La entrevista de Guilhem Gauran, máximo responsable de la inmobiliaria de lujo Barnes en la Costa del Sol, ha confirmado este verano de 2026 lo que muchos agentes ya intuían: Dubái se ha convertido en uno de los principales emisores de compradores de vivienda de alto standing hacia Marbella. «Todos los días me llaman de Dubái para enviarme clientes que quieren venir a Marbella», declaraba Gauran a Diario Sur. La combinación de seguridad, conectividad aérea y la fiscalidad andaluza —con tipos casi testimoniales en sucesiones y donaciones— explica este imán. Pero cuando un expatriado en Emiratos Árabes Unidos decide comprarse una casa en España, la alegría del ladrillo viene acompañada de un rompecabezas fiscal que muchos no se plantean hasta que es demasiado tarde. Aquí te contamos los tres impuestos y obligaciones que no puedes ignorar, con datos oficiales y sin falsas promesas.
LA RESPUESTA CORTA
- IRPF de no residentes (IRNR): como no residente fiscal en España pagarás cada año un impuesto sobre la vivienda (la llamada imputación de rentas inmobiliarias) o sobre los alquileres que obtengas. El tipo general para residentes en Emiratos es del 24 %.
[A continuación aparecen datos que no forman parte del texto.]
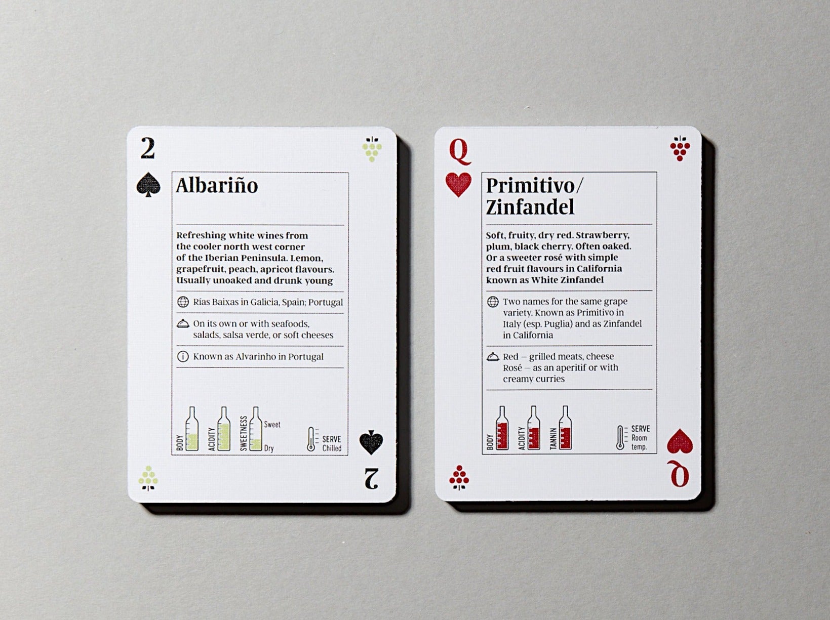 The 52 cards each cover different wines, regions or wine grapes. There's a brief overview, then information about the characteristics of the wine, what to look for on labels, food pairing, and other useful facts.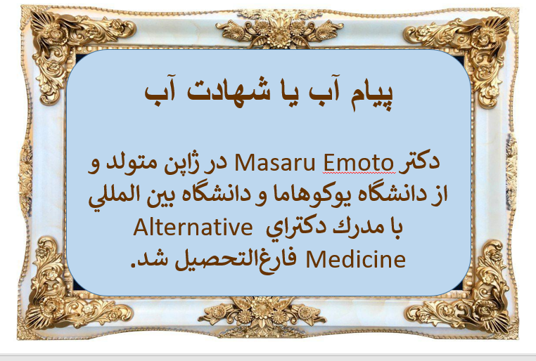 دکتر Masaru Emoto در ژاپن متولد و از دانشگاه یوکوهاما و دانشگاه بین المللی با مدرک دکترای Alternative Medicine فارغ التحصیل شد.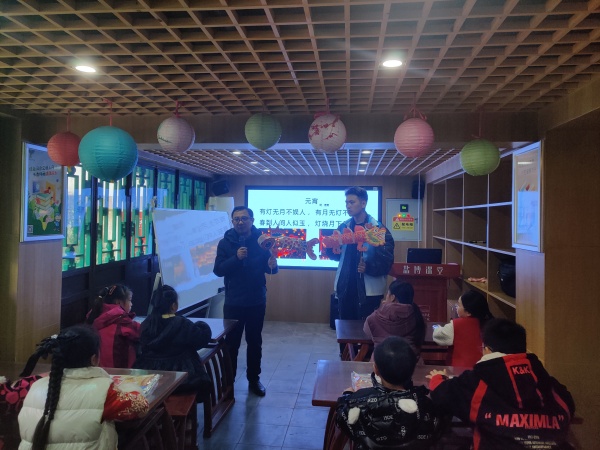 人文学院教授王益负责第一阶段的活动,通过讲解普通话发音吐字、朗诵绕口令和王安石的《梅花》诗、唐寅的《元宵》诗推广普通话。梁川指导第二阶段的活动,在讲解注意事项的基础上,带领2名志愿者指导参加活动的儿童们制作龙灯,锻炼手工能力,塑造对传统节庆文化的认知。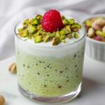 This Pistachio Overnight Oats recipe offers a creamy, nutritious, and easy-to-make breakfast featuring the rich flavor of pistachio butter combined with quick oats and chia seeds. Sweetened naturally with maple syrup and enhanced with vanilla extract, it’s a perfect make-ahead meal that you can top with non-dairy yogurt, fresh raspberries, and chopped pistachios for added texture and flavor.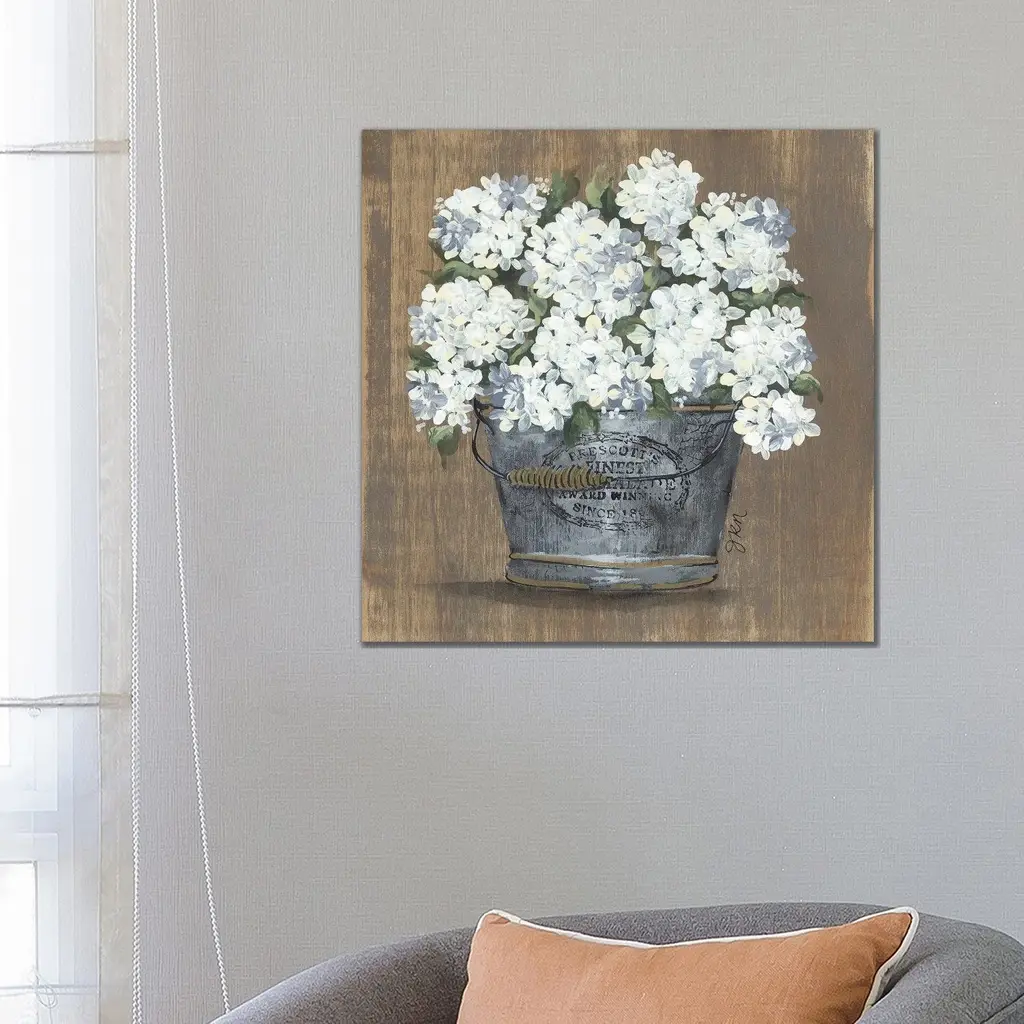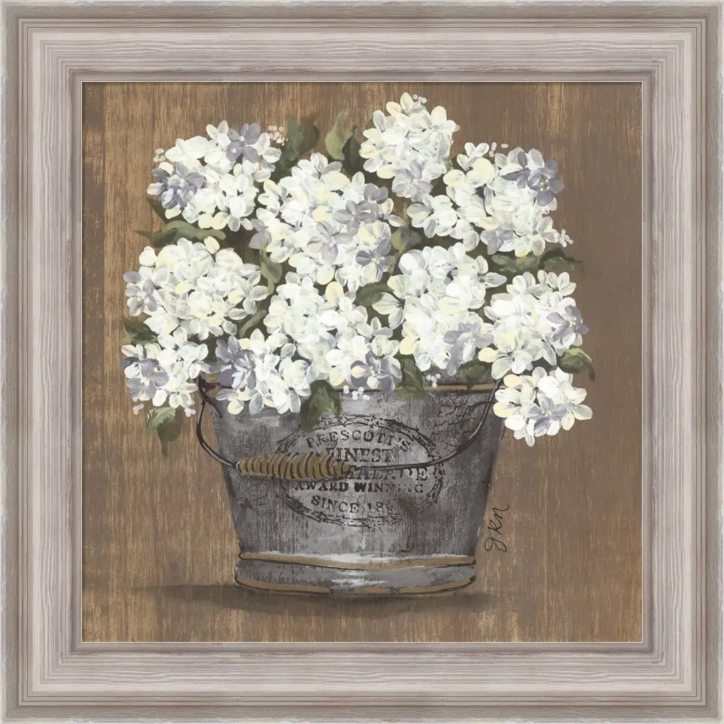 Heavenly Hydrangeas I by Julie Norkus is a high quality piece of framed artwork. The finished size of this piece is 20" X 20". It has a Weathered White Distressed frame and is finished with high quality Acrylic Plexiglass. 100% Satisfaction Guaranteed.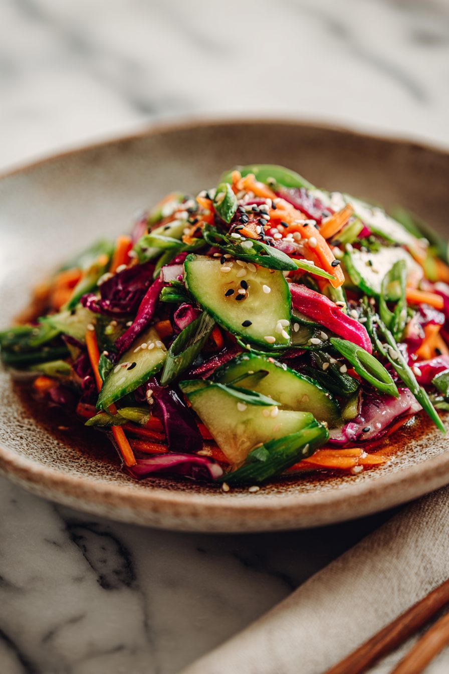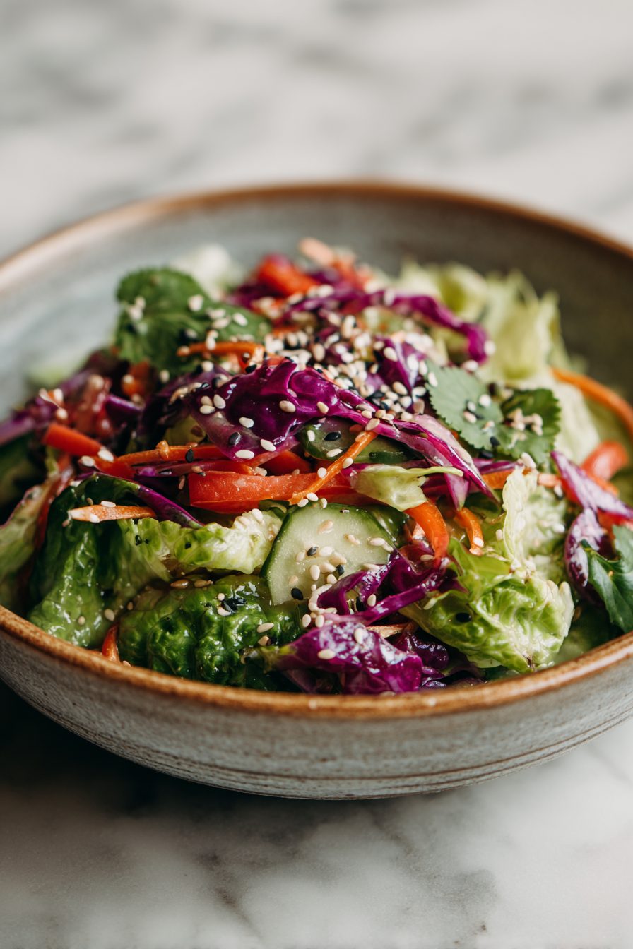 This salad is the crunchy, sesame-saucy, slightly sweet-and-sour thing I make when I need something that feels fancy but is mostly just vegetables being their best selves. Think layers of crisp cabbage and greens, ribbons of carrot and cucumber, toasted sesame, and a tangy sesame-ginger dressing that somehow makes everything taste like a weekday victory. It’s bright, textural, and lives happily in a big bowl for sharing (or not sharing — I won’t judge).

- Impuesto sobre el Patrimonio: si el valor de tu inmueble supera los 700.000 euros una vez aplicada la exención, tendrás que tributar por él como no residente.
- Modelo 720: no es un impuesto, sino una declaración informativa que puede ponerte en el radar de la Agencia Tributaria si, por error, sigues siendo considerado residente fiscal en España. Te explicamos cuándo te afecta de verdad.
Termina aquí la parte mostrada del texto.